YOUR ASSIGNMENT
Leaving out the images, please output every entry exactly as it appears.

*** Opening AVAILABLE RECORDS ***

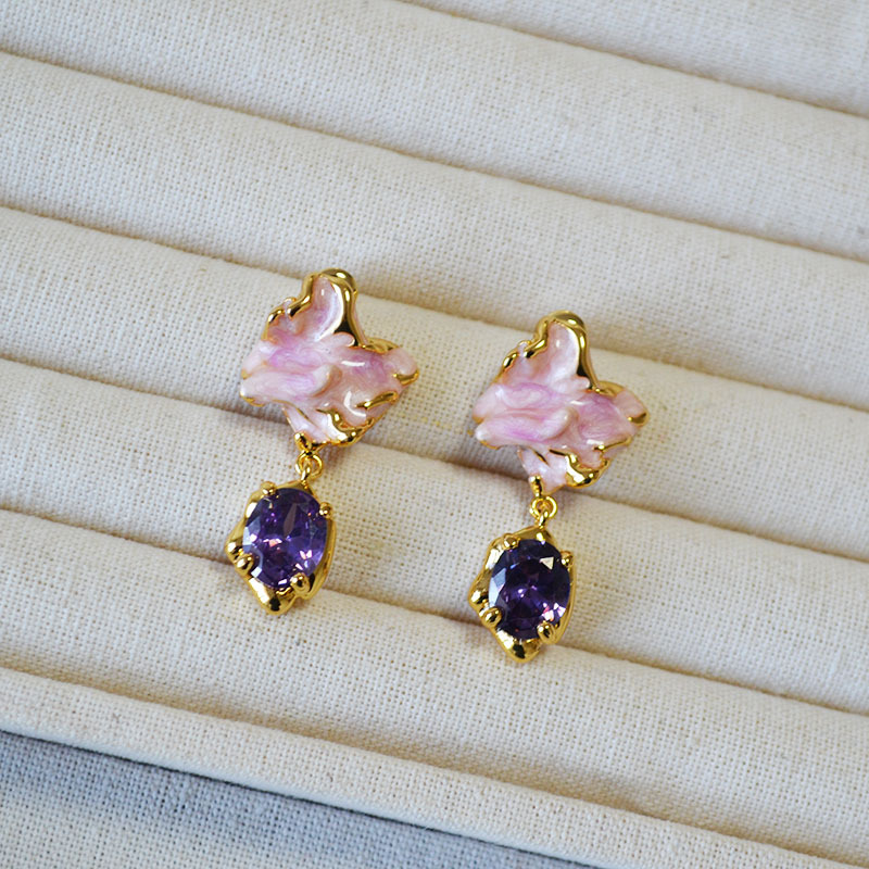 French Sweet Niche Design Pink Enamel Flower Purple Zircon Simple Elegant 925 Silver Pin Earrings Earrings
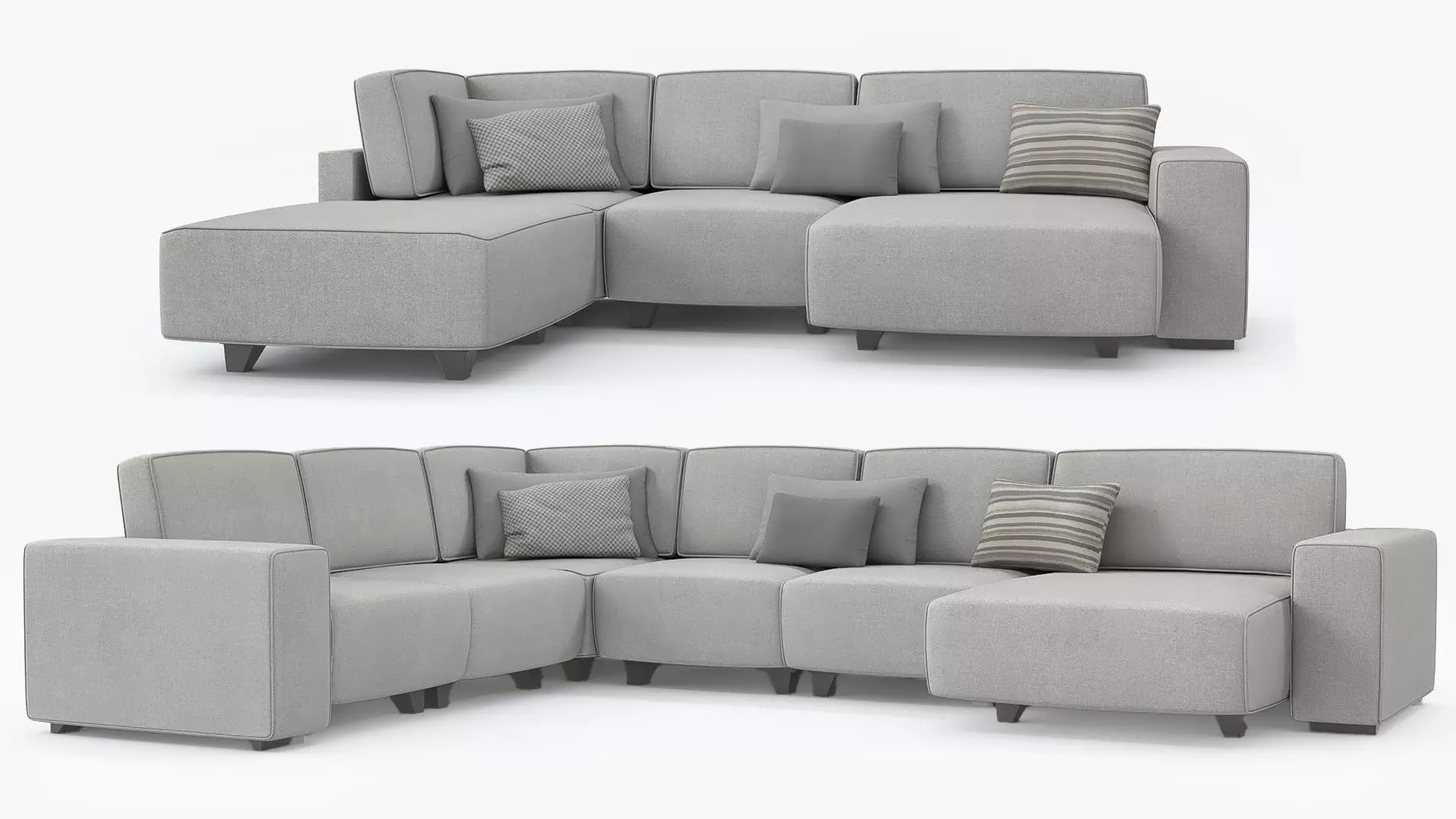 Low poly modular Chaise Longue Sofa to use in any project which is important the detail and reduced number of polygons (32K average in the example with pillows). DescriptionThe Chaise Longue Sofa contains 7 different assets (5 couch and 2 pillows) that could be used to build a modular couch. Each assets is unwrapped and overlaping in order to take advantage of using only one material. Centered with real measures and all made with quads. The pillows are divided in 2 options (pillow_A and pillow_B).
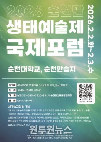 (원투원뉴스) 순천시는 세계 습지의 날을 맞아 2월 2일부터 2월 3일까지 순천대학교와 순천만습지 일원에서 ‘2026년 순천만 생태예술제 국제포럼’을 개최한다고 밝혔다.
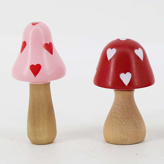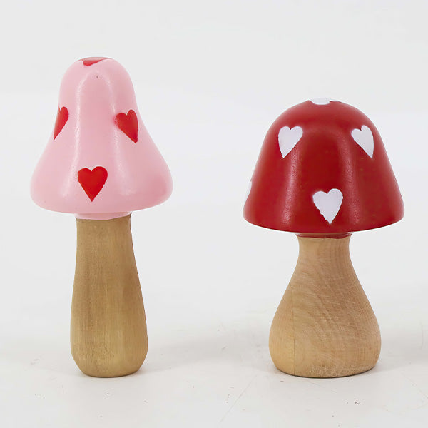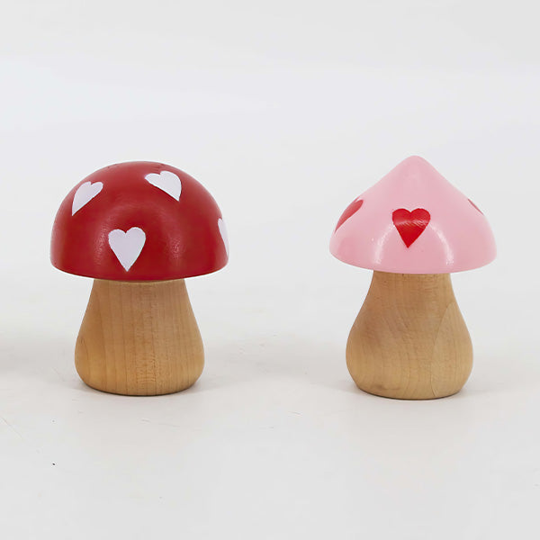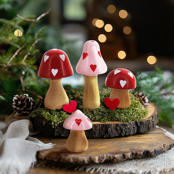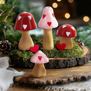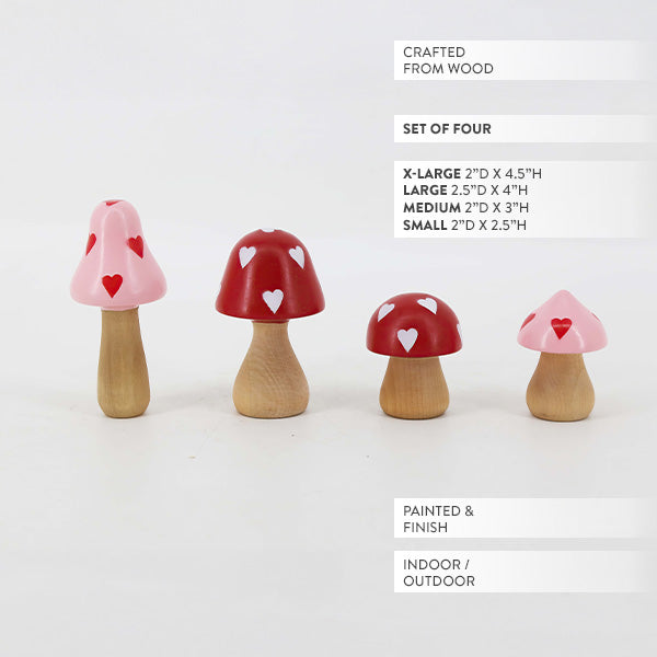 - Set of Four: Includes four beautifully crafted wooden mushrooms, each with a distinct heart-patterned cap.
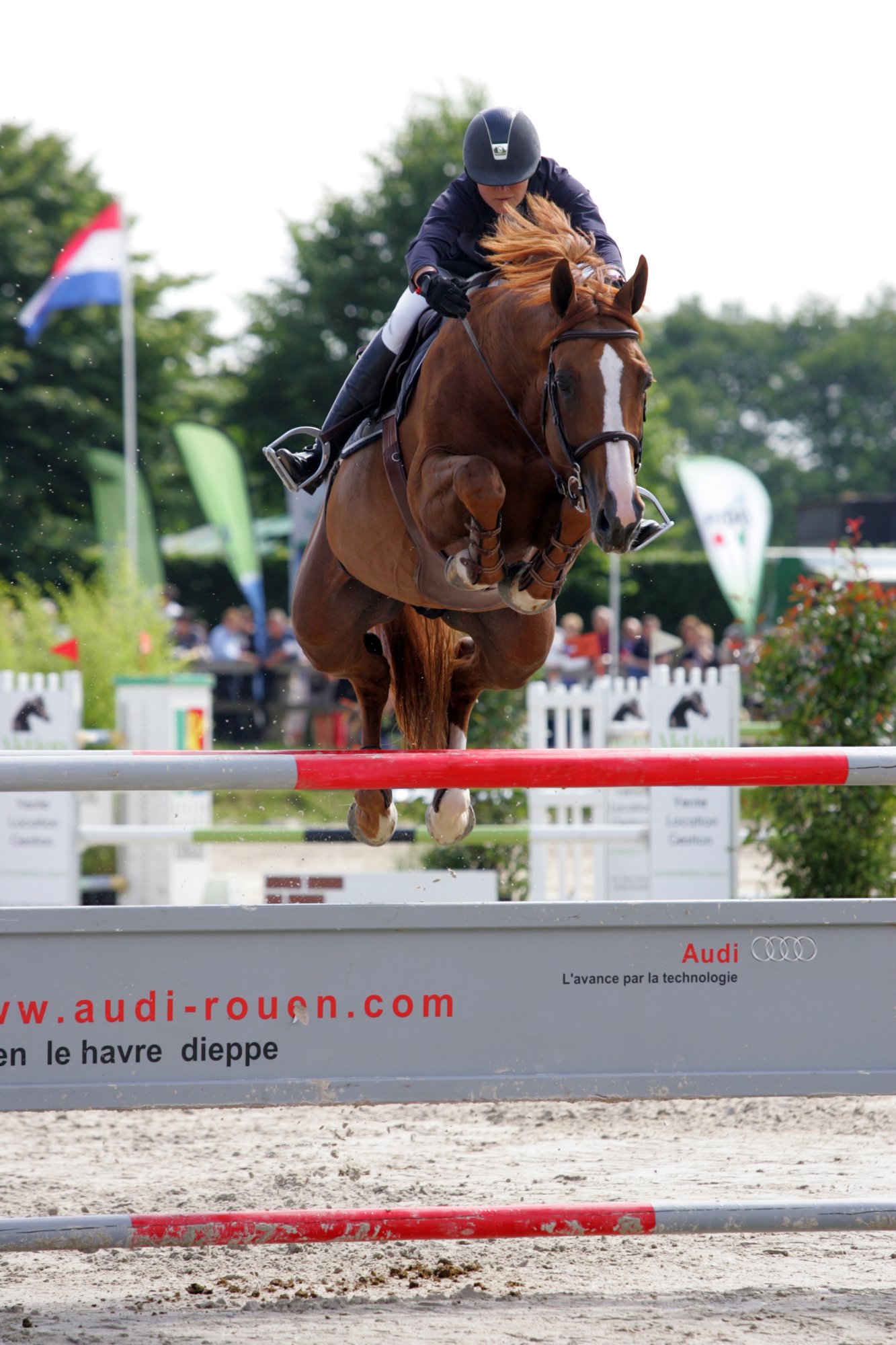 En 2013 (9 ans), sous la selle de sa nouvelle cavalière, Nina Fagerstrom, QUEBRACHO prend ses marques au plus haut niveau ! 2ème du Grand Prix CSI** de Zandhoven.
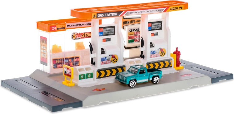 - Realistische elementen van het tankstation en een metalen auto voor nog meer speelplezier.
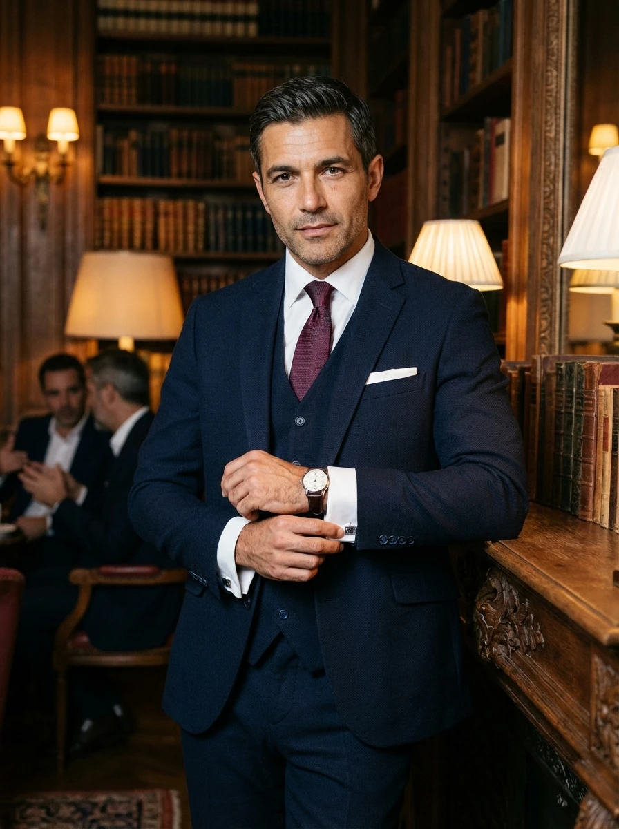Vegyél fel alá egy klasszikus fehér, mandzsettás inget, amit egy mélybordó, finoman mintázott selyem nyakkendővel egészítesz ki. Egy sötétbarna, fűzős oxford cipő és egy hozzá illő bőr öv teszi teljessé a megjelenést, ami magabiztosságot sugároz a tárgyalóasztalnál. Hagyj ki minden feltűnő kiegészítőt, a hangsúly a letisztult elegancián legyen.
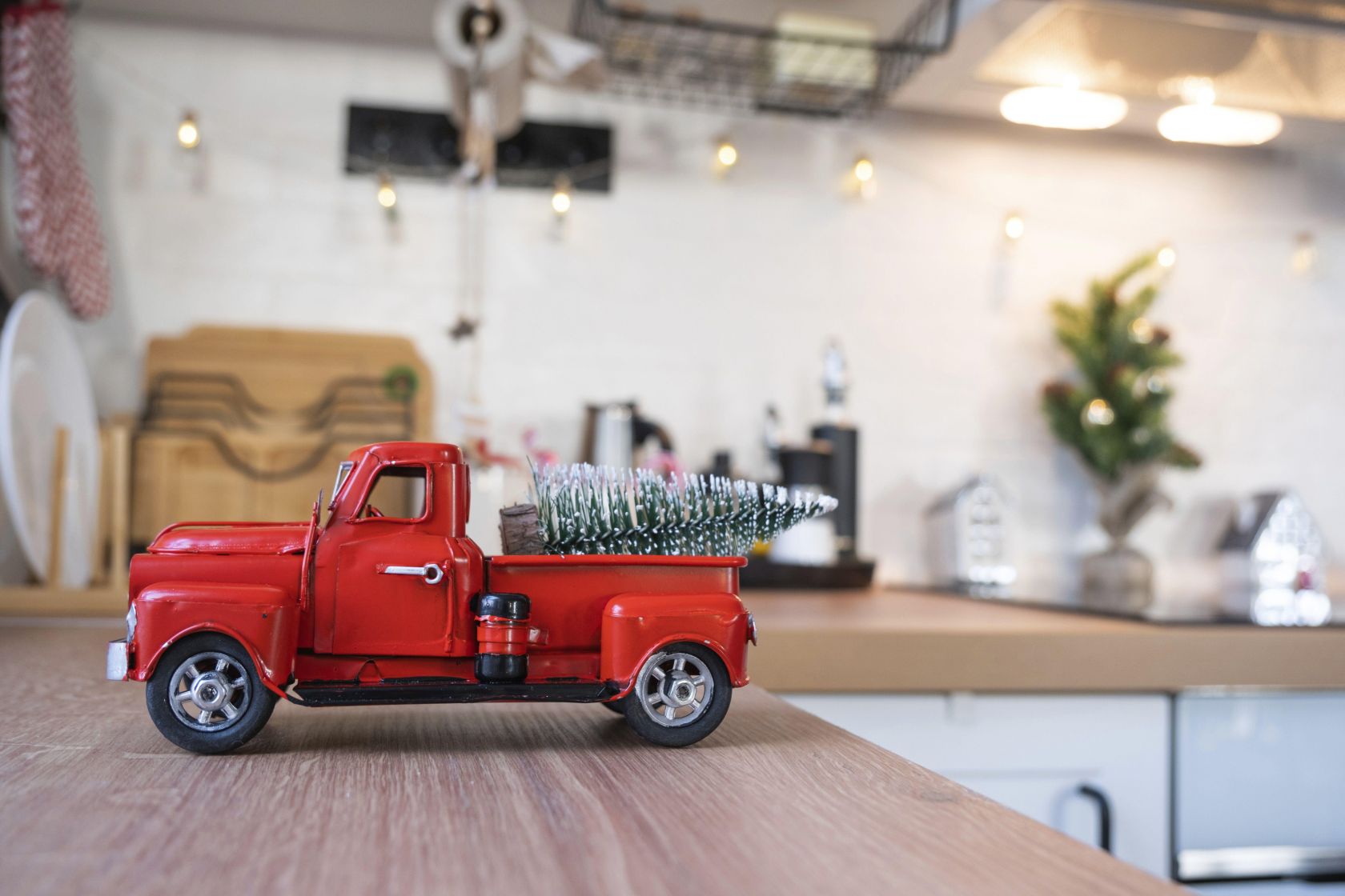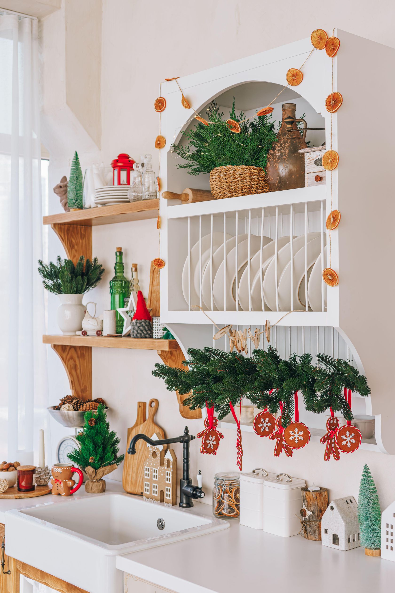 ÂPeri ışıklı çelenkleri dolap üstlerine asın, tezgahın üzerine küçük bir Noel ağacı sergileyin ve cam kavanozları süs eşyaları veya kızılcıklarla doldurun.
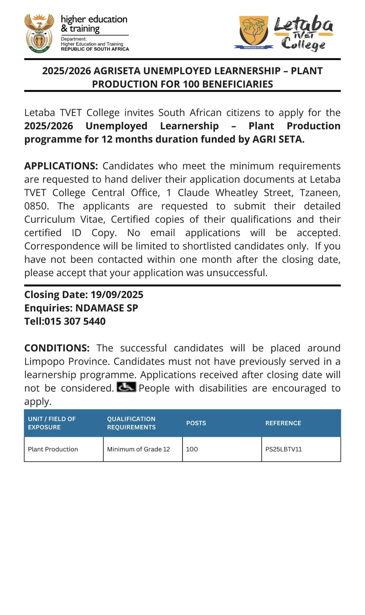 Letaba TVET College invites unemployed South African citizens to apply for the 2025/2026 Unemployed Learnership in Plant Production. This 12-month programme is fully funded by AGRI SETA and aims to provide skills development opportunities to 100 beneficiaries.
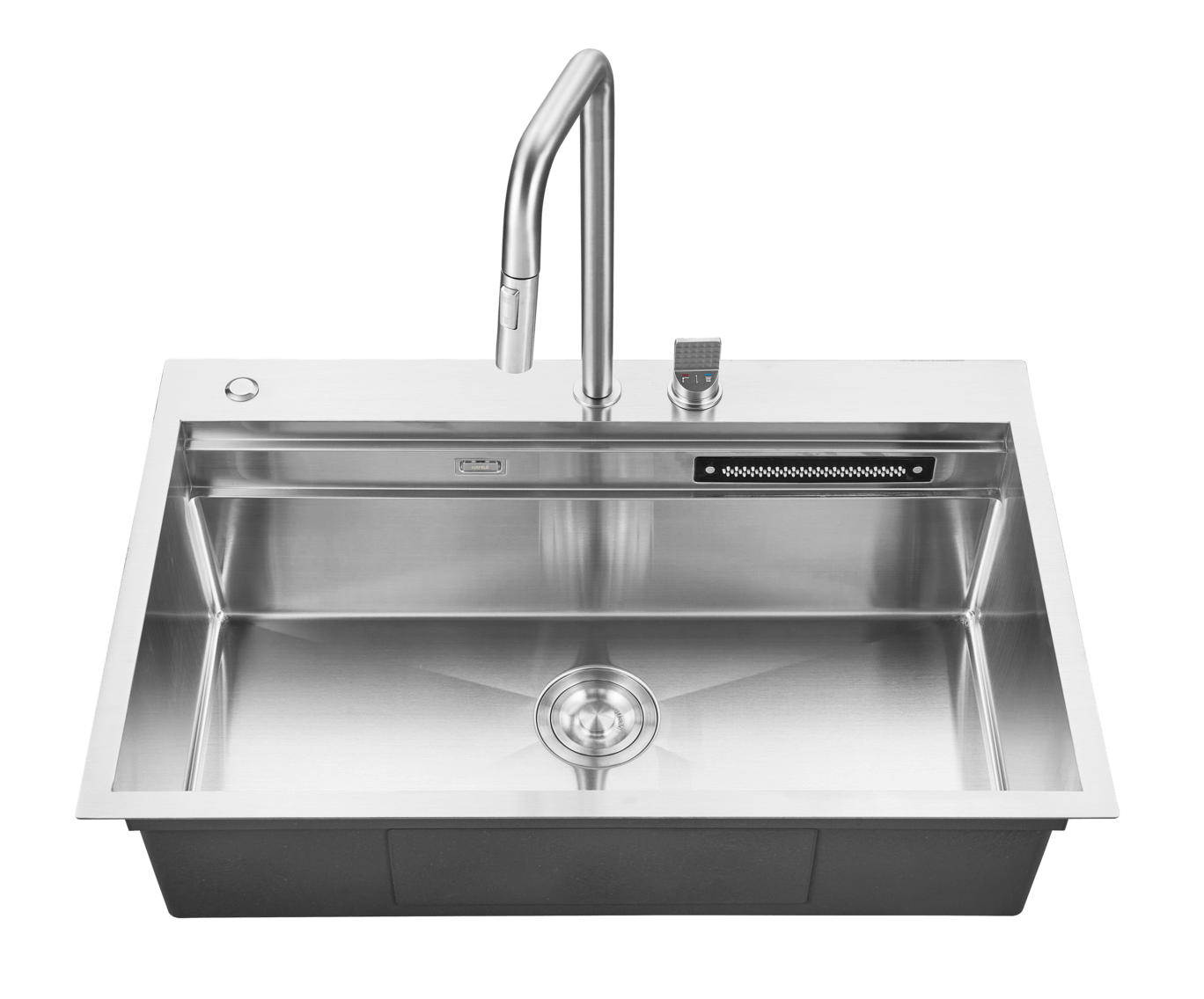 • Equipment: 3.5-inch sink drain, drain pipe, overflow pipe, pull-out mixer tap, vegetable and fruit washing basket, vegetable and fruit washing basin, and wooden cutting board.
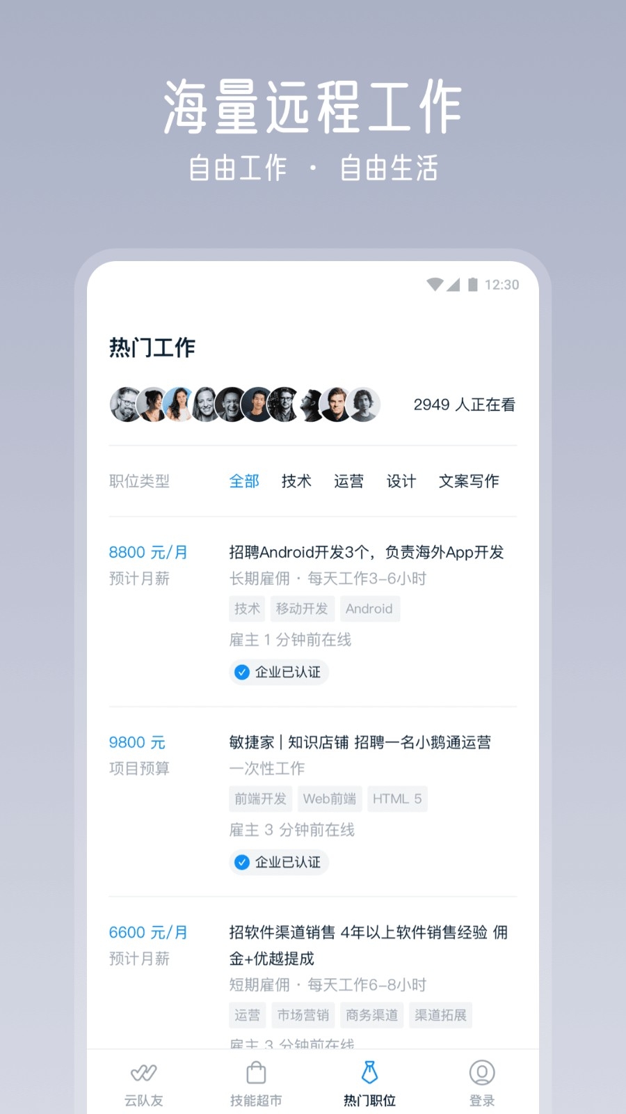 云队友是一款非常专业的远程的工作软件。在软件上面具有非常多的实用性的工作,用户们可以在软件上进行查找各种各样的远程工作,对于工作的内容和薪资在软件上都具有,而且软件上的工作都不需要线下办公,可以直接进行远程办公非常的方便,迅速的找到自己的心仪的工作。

*** Closing AVAILABLE RECORDS ***

TASK ANSWER
 French Sweet Niche Design Pink Enamel Flower Purple Zircon Simple Elegant 925 Silver Pin Earrings Earrings
 Low poly modular Chaise Longue Sofa to use in any project which is important the detail and reduced number of polygons (32K average in the example with pillows). DescriptionThe Chaise Longue Sofa contains 7 different assets (5 couch and 2 pillows) that could be used to build a modular couch. Each assets is unwrapped and overlaping in order to take advantage of using only one material. Centered with real measures and all made with quads. The pillows are divided in 2 options (pillow_A and pillow_B).
 (원투원뉴스) 순천시는 세계 습지의 날을 맞아 2월 2일부터 2월 3일까지 순천대학교와 순천만습지 일원에서 ‘2026년 순천만 생태예술제 국제포럼’을 개최한다고 밝혔다.
 - Set of Four: Includes four beautifully crafted wooden mushrooms, each with a distinct heart-patterned cap.
 En 2013 (9 ans), sous la selle de sa nouvelle cavalière, Nina Fagerstrom, QUEBRACHO prend ses marques au plus haut niveau ! 2ème du Grand Prix CSI** de Zandhoven.
 - Realistische elementen van het tankstation en een metalen auto voor nog meer speelplezier.
Vegyél fel alá egy klasszikus fehér, mandzsettás inget, amit egy mélybordó, finoman mintázott selyem nyakkendővel egészítesz ki. Egy sötétbarna, fűzős oxford cipő és egy hozzá illő bőr öv teszi teljessé a megjelenést, ami magabiztosságot sugároz a tárgyalóasztalnál. Hagyj ki minden feltűnő kiegészítőt, a hangsúly a letisztult elegancián legyen.
 ÂPeri ışıklı çelenkleri dolap üstlerine asın, tezgahın üzerine küçük bir Noel ağacı sergileyin ve cam kavanozları süs eşyaları veya kızılcıklarla doldurun.
 Letaba TVET College invites unemployed South African citizens to apply for the 2025/2026 Unemployed Learnership in Plant Production. This 12-month programme is fully funded by AGRI SETA and aims to provide skills development opportunities to 100 beneficiaries.
 • Equipment: 3.5-inch sink drain, drain pipe, overflow pipe, pull-out mixer tap, vegetable and fruit washing basket, vegetable and fruit washing basin, and wooden cutting board.
 云队友是一款非常专业的远程的工作软件。在软件上面具有非常多的实用性的工作,用户们可以在软件上进行查找各种各样的远程工作,对于工作的内容和薪资在软件上都具有,而且软件上的工作都不需要线下办公,可以直接进行远程办公非常的方便,迅速的找到自己的心仪的工作。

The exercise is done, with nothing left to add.